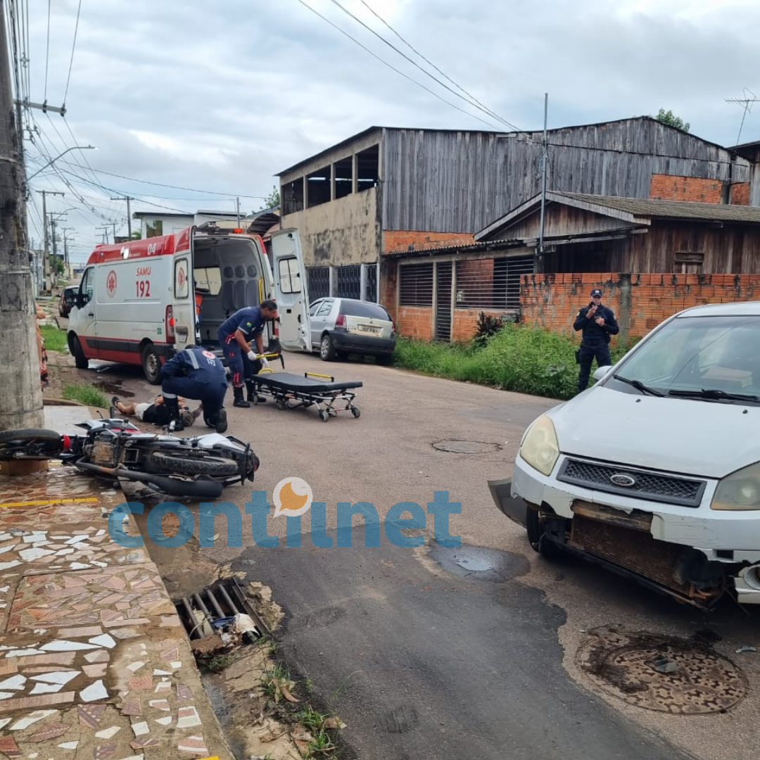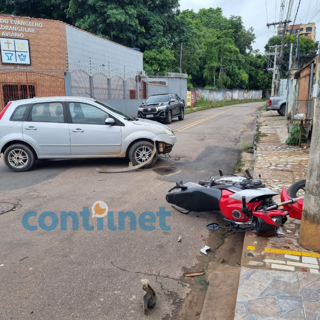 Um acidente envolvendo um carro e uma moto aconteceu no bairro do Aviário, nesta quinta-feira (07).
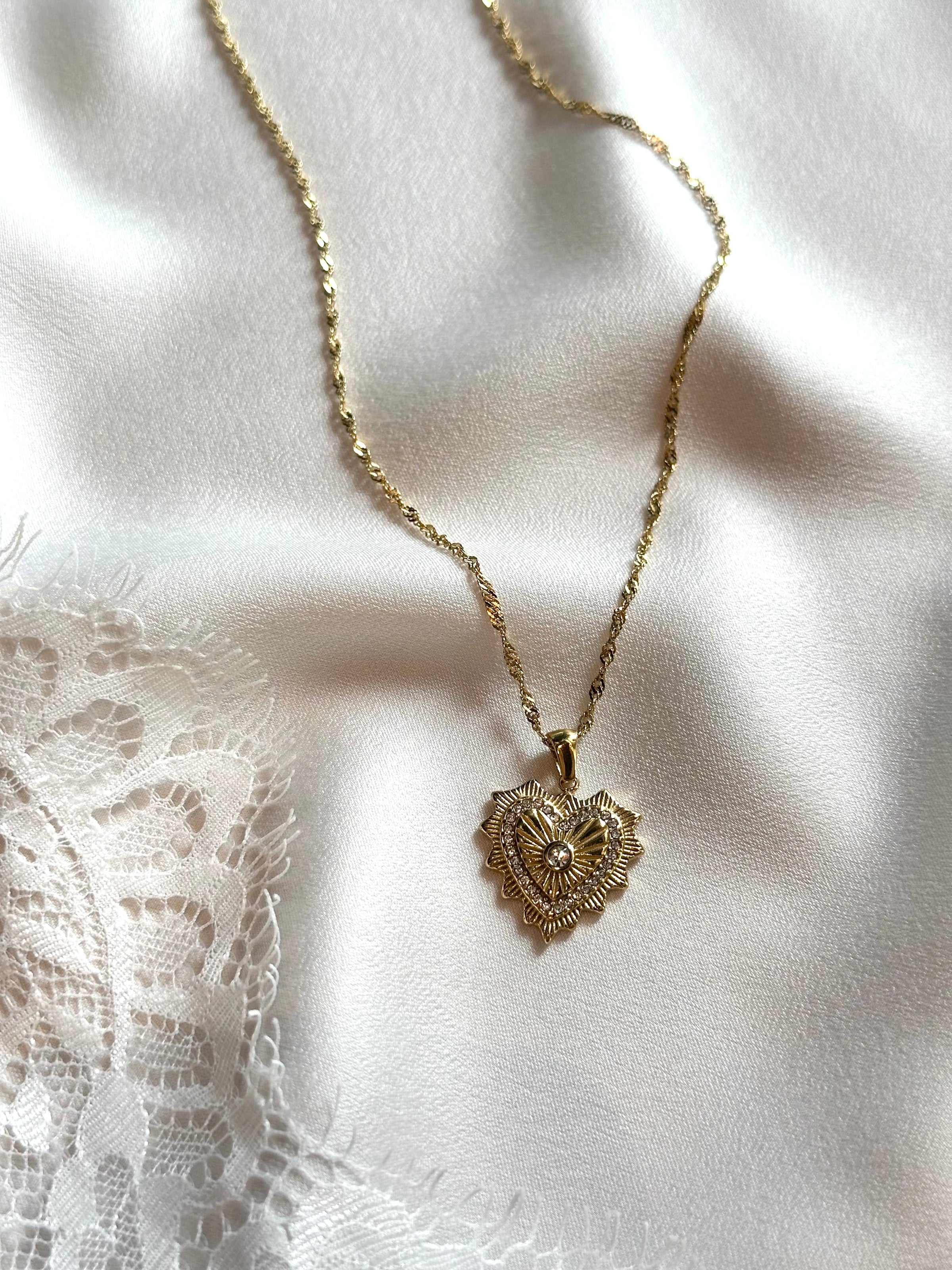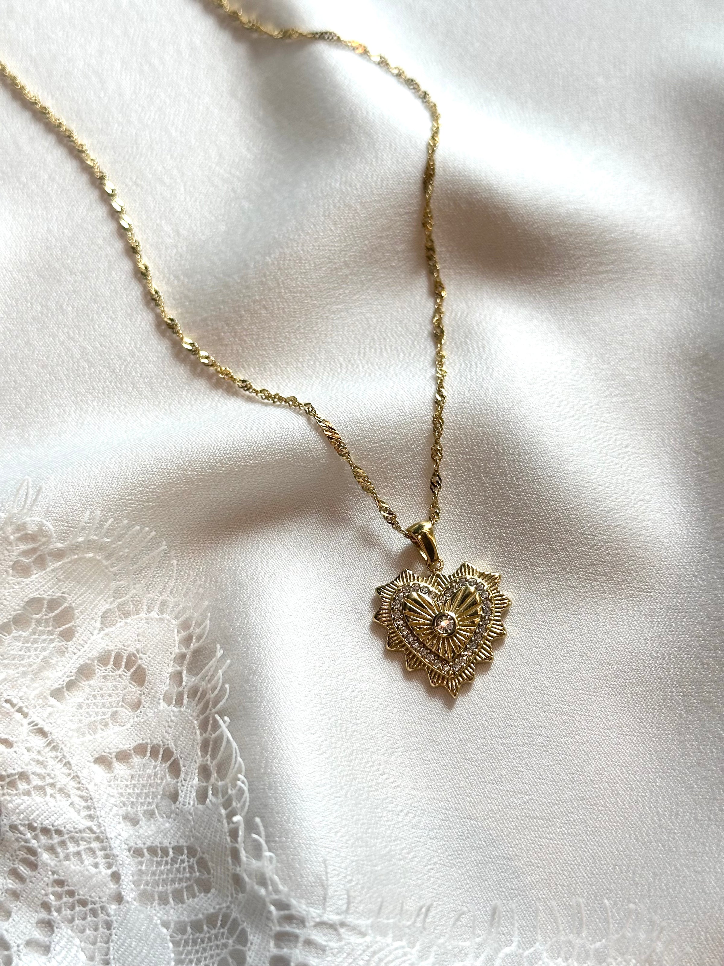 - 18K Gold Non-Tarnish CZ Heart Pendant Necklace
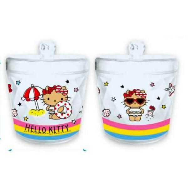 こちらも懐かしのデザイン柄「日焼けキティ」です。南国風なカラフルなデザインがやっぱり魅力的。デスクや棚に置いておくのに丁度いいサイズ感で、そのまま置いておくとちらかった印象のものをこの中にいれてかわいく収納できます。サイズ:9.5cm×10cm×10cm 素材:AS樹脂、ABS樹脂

## Aim of the task
Transcribe all of the data above verbatim but omit every picture.

## Answer box
 Um acidente envolvendo um carro e uma moto aconteceu no bairro do Aviário, nesta quinta-feira (07).
 - 18K Gold Non-Tarnish CZ Heart Pendant Necklace
 こちらも懐かしのデザイン柄「日焼けキティ」です。南国風なカラフルなデザインがやっぱり魅力的。デスクや棚に置いておくのに丁度いいサイズ感で、そのまま置いておくとちらかった印象のものをこの中にいれてかわいく収納できます。サイズ:9.5cm×10cm×10cm 素材:AS樹脂、ABS樹脂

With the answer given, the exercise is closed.